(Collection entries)
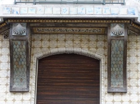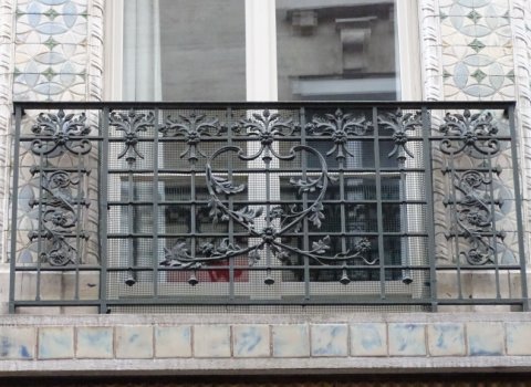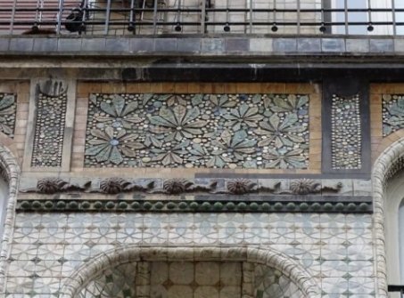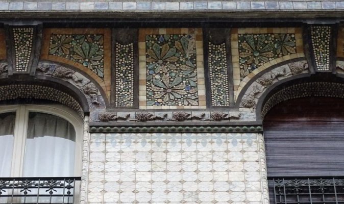 L’immeuble de Lahire est revêtu de carreaux géométriques de couleur crème ou d’un bleu ciel, limités à des cercles incisés s’interpénétrant pour former des rosaces. Les consoles des balcons sont plus richement décorées, avec des motifs d’écailles et de coquilles, des feuilles de marronniers et de simples pastilles diversement colorées.
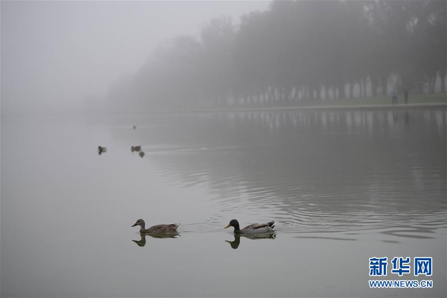 10月22日,在美國首都華盛頓,野鴨在林肯紀念堂倒影池中游弋。當日,華盛頓出現濃霧天氣,能見度較低。新華社記者劉傑攝
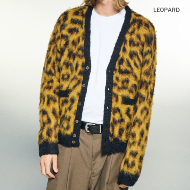 レオパード柄のカーディガンセーター。
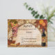 Tarjeta clásica de RSVP de viñedo con una pintura de una bodega con uvas, un corcho, hojas de otoño y flores. En la parte posterior hay una plantilla de código QR para permitir que sus invitados respondan en línea.
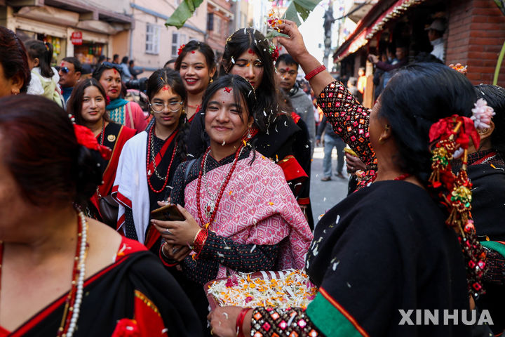 [카트만두=신화/뉴시스] 4일(현지 시간) 네팔 카트만두에서 요마리 푼히 축제가 열려 행진하는 사람들이 꽃가루 세례를 받고 있다. 네팔에서는 12월 보름이 되면 요마리 푼히 축제가 열려 쌀가루 등으로 빚은 '요마리'를 나눠 먹으며 쌀을 수확하게 해준 풍요의 여신 ‘안나푸르나’에 감사한다. ‘요마리’는 ‘떡’을, ‘푼히’는 ‘보름달’을 뜻하며 꼬리 부분을 길게 빚어 해가 길어지기를 기원하기도 한다. 2025.12.05.
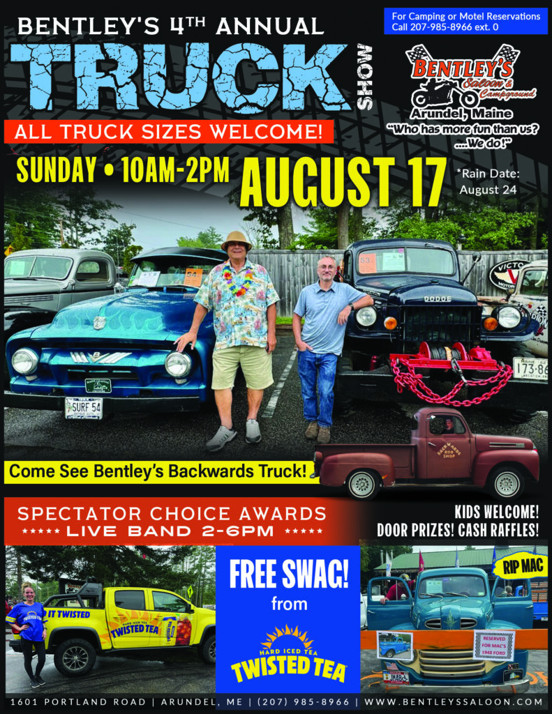 Every Tuesday from 5 pm til dusk (May 17 through Sept 20, 2022), car enthusiasts show off their special interest vehicles at the Saloon’s parking lots, often times more than 100 on display! There are no entry fees for car show owners or spectators. Car show owners receive door prizes, spectator choice awards and a chance to win a FREE toolbox valued over $1000 which is donated by our local Biddeford, Sanel NAPA Auto Parts Center Store. Cash raffles for everyone to play. We donate a portion of the money to our Town of Arundel’s Holiday Program for local residents in need of a helping hand during the holiday season.
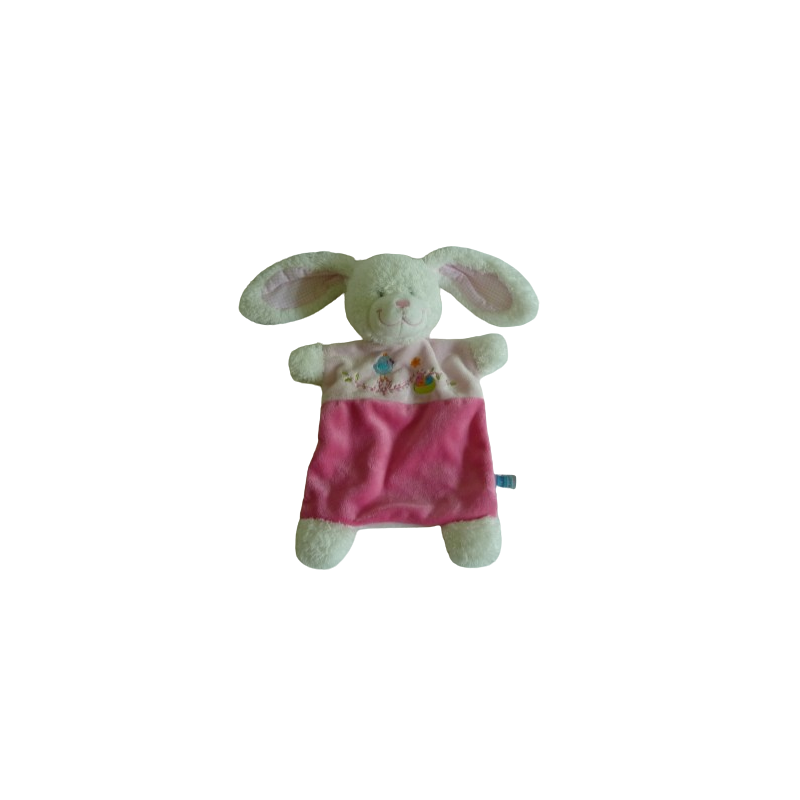 Doudou plat lapin 26 cm environ sans compter les oreilles, rose motifs oiseaux. Etat : Excellent étatDestinataire :
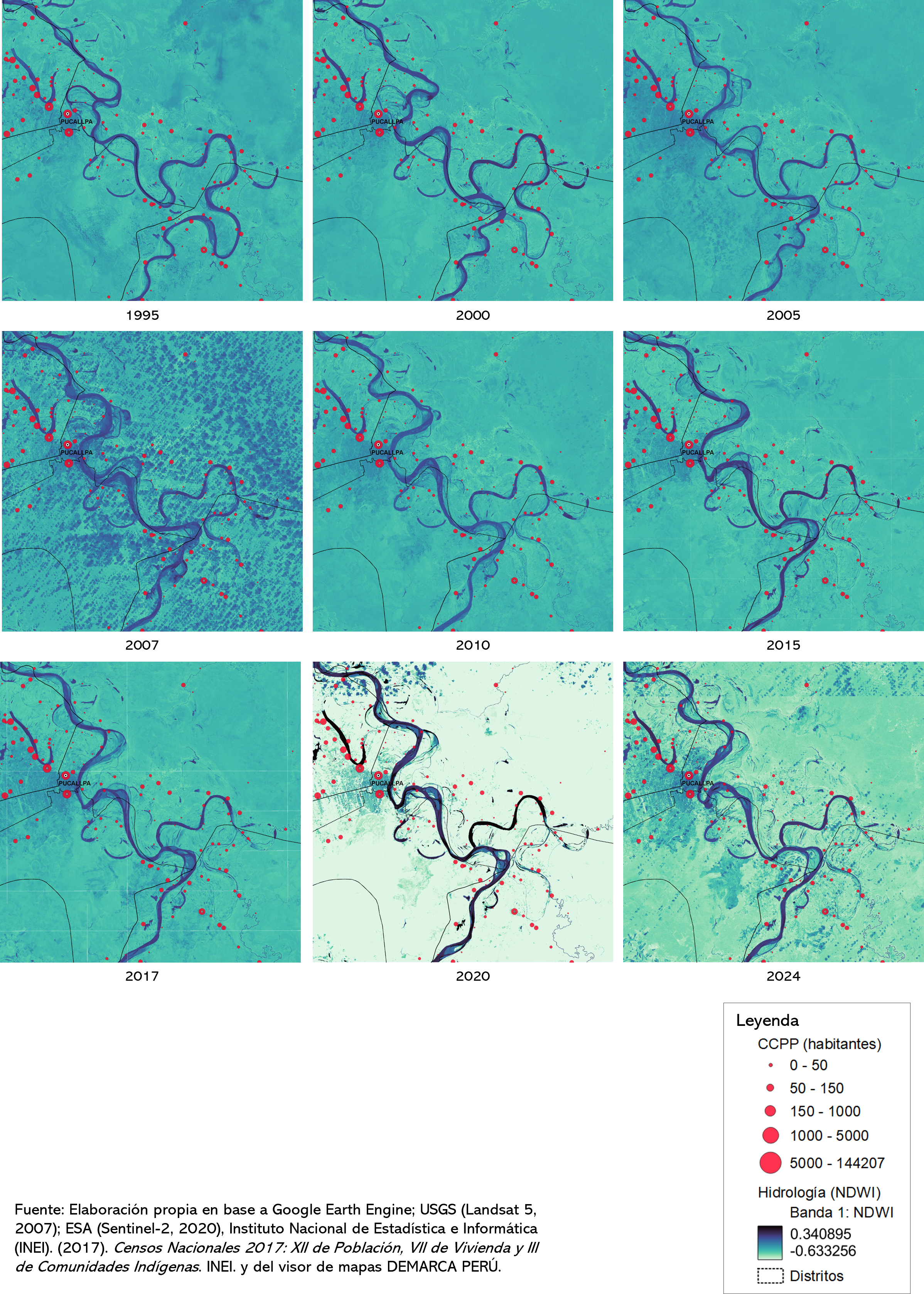 Para ilustrarlo, se realizó un ejercicio simple en la selva baja, el departamento de Ucayali:  se cruzó la ubicación de los centros poblados con el comportamiento histórico de los ríos, usando imágenes satelitales que muestran las capas hidrográficas en distintos años a partir del Índice Normalizado de Diferencia de Agua (NDWI, por sus siglas en inglés). Esta comparación permite observar los cambios históricos: la posible movilidad ecológica y los desplazamientos humanos asociados. En este ejemplo de análisis multitemporal del río Ucayali (1995 hasta 2024), se observa que algunos centros poblados que, en el pasado estuvieron ubicados a distancias considerables del río, ahora, el punto de geolocalización se encuentra encima del río. Por lo cual, la data no refleja las dinámicas reales de desplazamiento de los centros poblados.
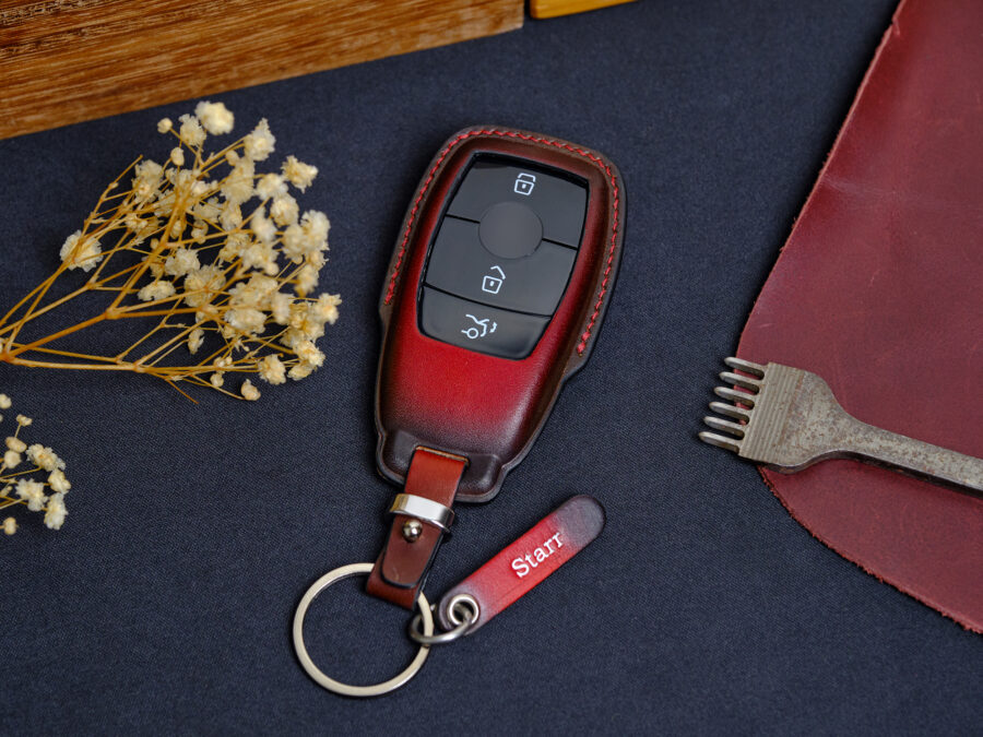 Made from high-end leather, these key fob cases exude prestige, reminiscent of the tailored interiors of the Mercedes.
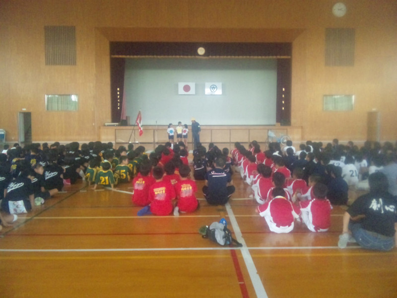 西之表市のスポーツ少年団が市民体育館に集まり、交通教室を行っています。

TASK TO COMPLETE: Transcribe all of the records above character for character. Exclude the pictures.

OUTPUT BELOW:
 L’immeuble de Lahire est revêtu de carreaux géométriques de couleur crème ou d’un bleu ciel, limités à des cercles incisés s’interpénétrant pour former des rosaces. Les consoles des balcons sont plus richement décorées, avec des motifs d’écailles et de coquilles, des feuilles de marronniers et de simples pastilles diversement colorées.
 10月22日,在美國首都華盛頓,野鴨在林肯紀念堂倒影池中游弋。當日,華盛頓出現濃霧天氣,能見度較低。新華社記者劉傑攝
 レオパード柄のカーディガンセーター。
 Tarjeta clásica de RSVP de viñedo con una pintura de una bodega con uvas, un corcho, hojas de otoño y flores. En la parte posterior hay una plantilla de código QR para permitir que sus invitados respondan en línea.
 [카트만두=신화/뉴시스] 4일(현지 시간) 네팔 카트만두에서 요마리 푼히 축제가 열려 행진하는 사람들이 꽃가루 세례를 받고 있다. 네팔에서는 12월 보름이 되면 요마리 푼히 축제가 열려 쌀가루 등으로 빚은 '요마리'를 나눠 먹으며 쌀을 수확하게 해준 풍요의 여신 ‘안나푸르나’에 감사한다. ‘요마리’는 ‘떡’을, ‘푼히’는 ‘보름달’을 뜻하며 꼬리 부분을 길게 빚어 해가 길어지기를 기원하기도 한다. 2025.12.05.
 Every Tuesday from 5 pm til dusk (May 17 through Sept 20, 2022), car enthusiasts show off their special interest vehicles at the Saloon’s parking lots, often times more than 100 on display! There are no entry fees for car show owners or spectators. Car show owners receive door prizes, spectator choice awards and a chance to win a FREE toolbox valued over $1000 which is donated by our local Biddeford, Sanel NAPA Auto Parts Center Store. Cash raffles for everyone to play. We donate a portion of the money to our Town of Arundel’s Holiday Program for local residents in need of a helping hand during the holiday season.
 Doudou plat lapin 26 cm environ sans compter les oreilles, rose motifs oiseaux. Etat : Excellent étatDestinataire :
 Para ilustrarlo, se realizó un ejercicio simple en la selva baja, el departamento de Ucayali:  se cruzó la ubicación de los centros poblados con el comportamiento histórico de los ríos, usando imágenes satelitales que muestran las capas hidrográficas en distintos años a partir del Índice Normalizado de Diferencia de Agua (NDWI, por sus siglas en inglés). Esta comparación permite observar los cambios históricos: la posible movilidad ecológica y los desplazamientos humanos asociados. En este ejemplo de análisis multitemporal del río Ucayali (1995 hasta 2024), se observa que algunos centros poblados que, en el pasado estuvieron ubicados a distancias considerables del río, ahora, el punto de geolocalización se encuentra encima del río. Por lo cual, la data no refleja las dinámicas reales de desplazamiento de los centros poblados.
 Made from high-end leather, these key fob cases exude prestige, reminiscent of the tailored interiors of the Mercedes.
 西之表市のスポーツ少年団が市民体育館に集まり、交通教室を行っています。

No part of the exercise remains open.